When the contents of a storage unit are sold at auction for nonpayment of rent, the defendant loses his reasonable expectation of privacy in the unit. State v. Coopman, 2015-Ohio-457, 2015 Ohio App. LEXIS 414 (6th Dist. February 6, 2015):
[*18] The state argues that any reasonable expectation of privacy was lost once the public auction began and the auctioneer removed appellee’s lock from the storage unit and opened the unit to public view for auction and upon sale of the storage unit contents to Carr.

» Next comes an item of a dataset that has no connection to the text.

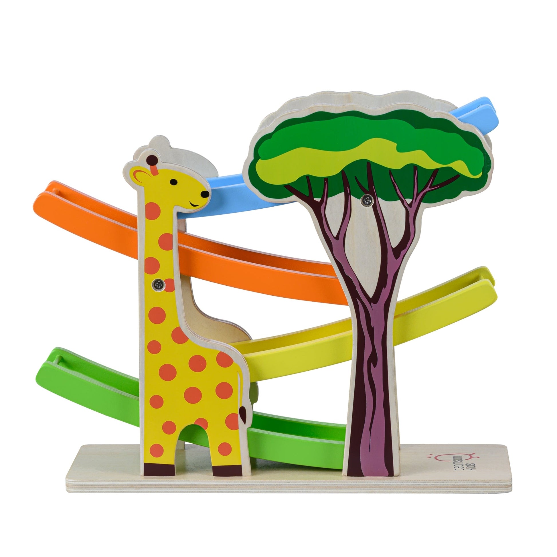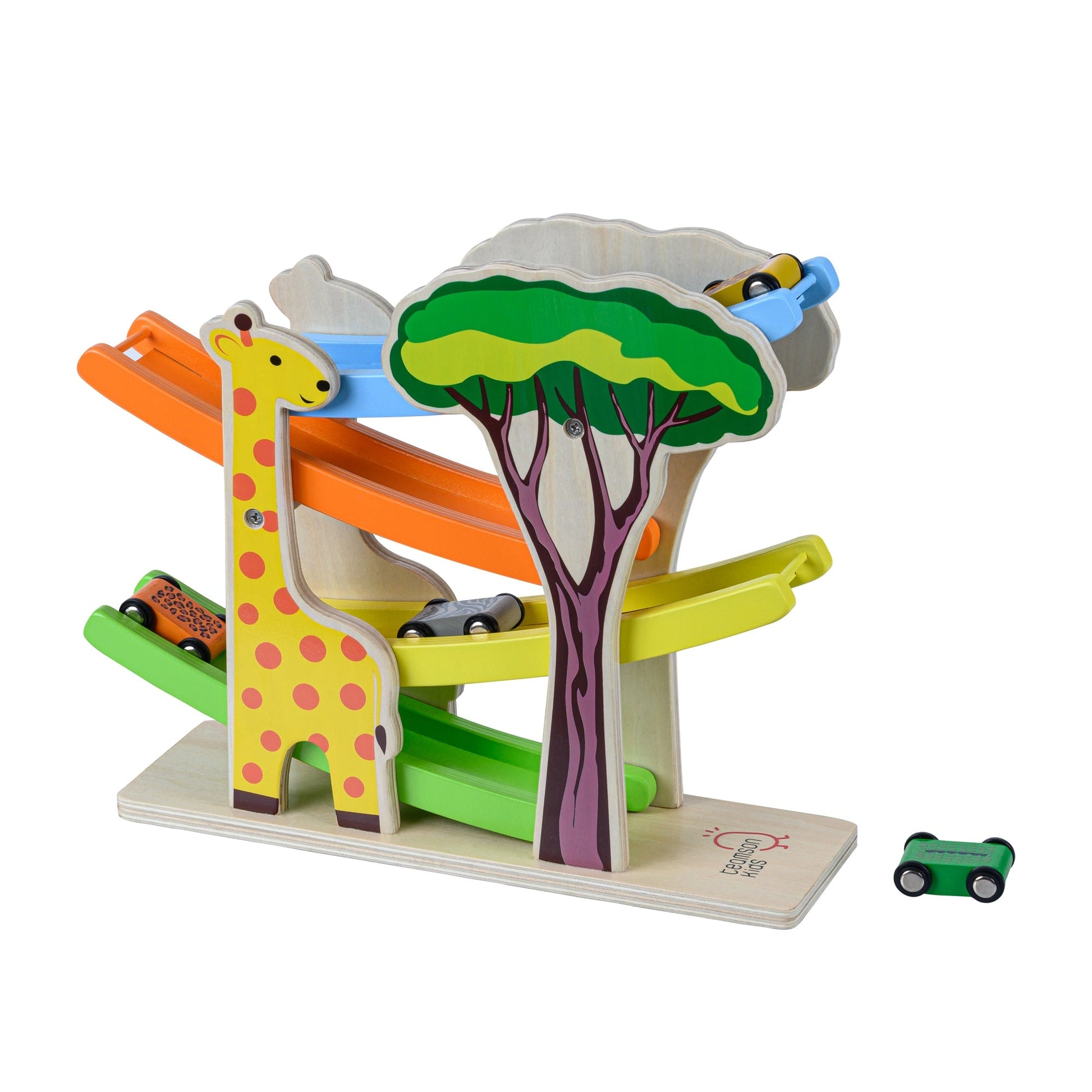 Wooden Ramp Racer Toy Click Clack Playset & 4 Safari Cars PS-T0007

[*19] The state cited United States v. Lnu, 544 F.3d 361 (1st Cir.2008); United States v. Melucci, 888 F.2d 200 (1st Cir.1989); United State v. Reyes, 908 F.2d 282 (8th Cir.1990); and United States v. Abiodun, S.D.N.Y. No. 04 CR. 1316(DC), 2005 WL 3117305 (Nov. 22, 2005), in support of its argument. In Lnu, the U.S. Court of Appeals for the First Circuit held that a defendant did not have a reasonable expectation of privacy in a storage locker. The court considered that the defendant had failed to pay rent for several months, that by statute a storage facility operator was permitted to impose a lien on contents of a storage space where the lessee defaults on rent, and that by state statute and under the rental agreement the storage facility operator was permitted to deny the lessee access to leased space where the occupant is in default for a period of five or more days. Lnu at 366. The court held “In light of the limitations on the defendant’s right to control access to the storage locker, it is clear that defendant’s reasonable expectation of privacy did not continue up until the time (sic) the lien sale.” Id. at 367.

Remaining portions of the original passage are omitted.